We established an electric–acoustic equivalent circuit for the tangentially polarized thin cylindrical transducer with a single-frequency harmonic vibration by solving the piezoelectric and motion equations, which serve as the base for the multifrequency transmission network.

(ii)

By invoking the residue principle, we derived the analytical expressions of the electric–acoustic impulse response and the system function of the tangentially polarized thin cylindrical transducer with a given single-frequency harmonic vibration. The electric-acoustic impulse response varies with the transducer’s harmonic vibration frequency.

(iii)

The impulse response of the tangentially polarized thin cylindrical transducer consists of one direct-current damping and one damping oscillation (see Equation (54)). The first term of the frequency components acts in a low-frequency range, and the second term distributes in a higher-frequency range. The frequency corresponding to the maximum value of the damping-oscillation term’s amplitude spectrum is the transducer’s resonant frequency. The loading center frequency corresponds to the amplitude spectrum’s maximum of the transducer’s impulse response (the direct-current damping and the damping-oscillation terms). Therefore, the loading center frequency of the transducer is lower than its loading resonant frequency.

(iv)

The resonant frequency of the transducer decreases with its average radius. So does its center frequency. The free-loading resonant frequency of the transducer is slightly greater than its loading resonant frequency.

(v)

The measured frequency response curve for the transducer is much narrower than the calculated amplitude spectrum curve that corresponds to the impulse response of the transducer. This phenomenon results from the combined action of the electric-acoustic filtering of the acoustic source transducer on the driving-voltage signal and the acoustic-electrical filtering of the receiving transducer on the measured acoustic signal.

(vi)

The radiated acoustic signal is influenced by the shape and size of the transducer, the physical parameters of piezoelectric material, the polarization mode of the transducer, and the driving-voltage signal.
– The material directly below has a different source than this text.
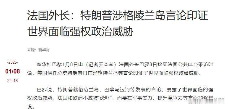121日,据央视新闻客户端报道,昨天,法国外交部长巴罗(图1)称,格陵兰岛属于欧洲领土,既不出售,也不允许掠夺。 格陵兰岛永远屌格陵兰岛人民,永远属于欧洲,概不出售。 评论,美国总统特朗普夺取格陵兰岛与欧洲国家处于白热化了!盟友也相互撕杀,如果美国武力夺取格陵兰岛,北约国家彻底解体。[呲牙][呲牙][呲牙][呲牙][呲牙][呲牙][呲牙]
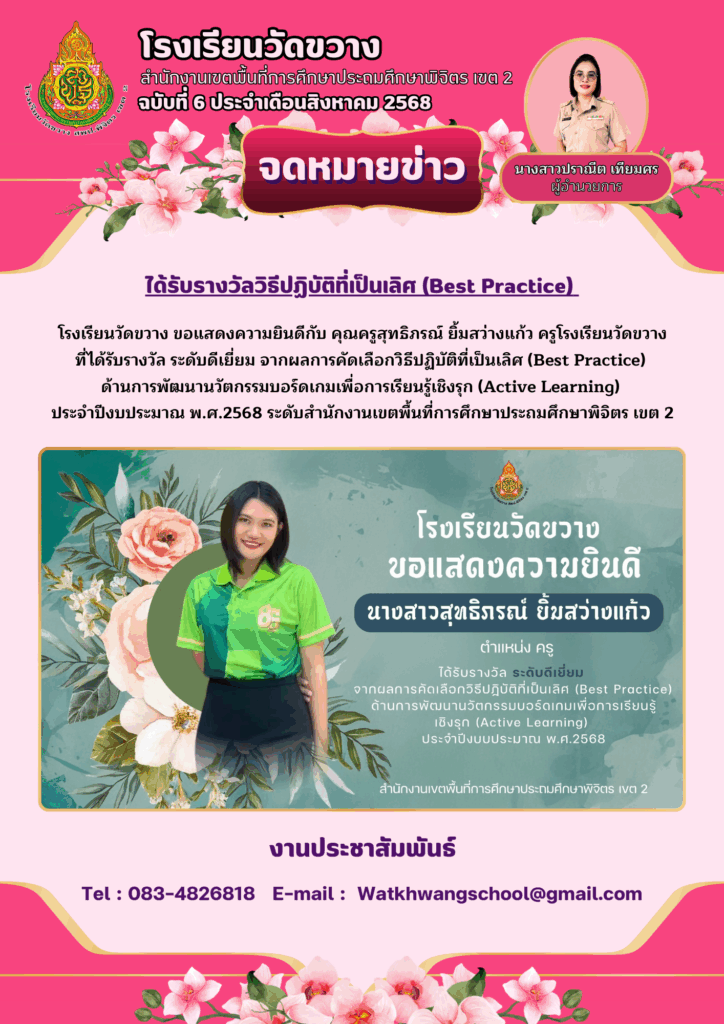 ขอแสดงความยินดีกับ คุณครูสุทธิภรณ์ ยิ้มสว่างแก้ว ที่ได้รับรางวัล ระดับดีเยี่ยม จากผลการคัดเลือกวิธีปฏิบัติที่เป็นเลิศ (Best Practice)

For transducers of the same size and identical piezoelectric material, the efficiency of the acoustic signal radiated by the tangentially polarized thin cylindrical transducer is much higher than that emitted by the radially polarized thin cylindrical transducer. Using the tangentially polarized thin cylindrical transducers as sensors in the acoustic-logging tool would significantly improve the measured acoustic-logging signal-to-noise ratio.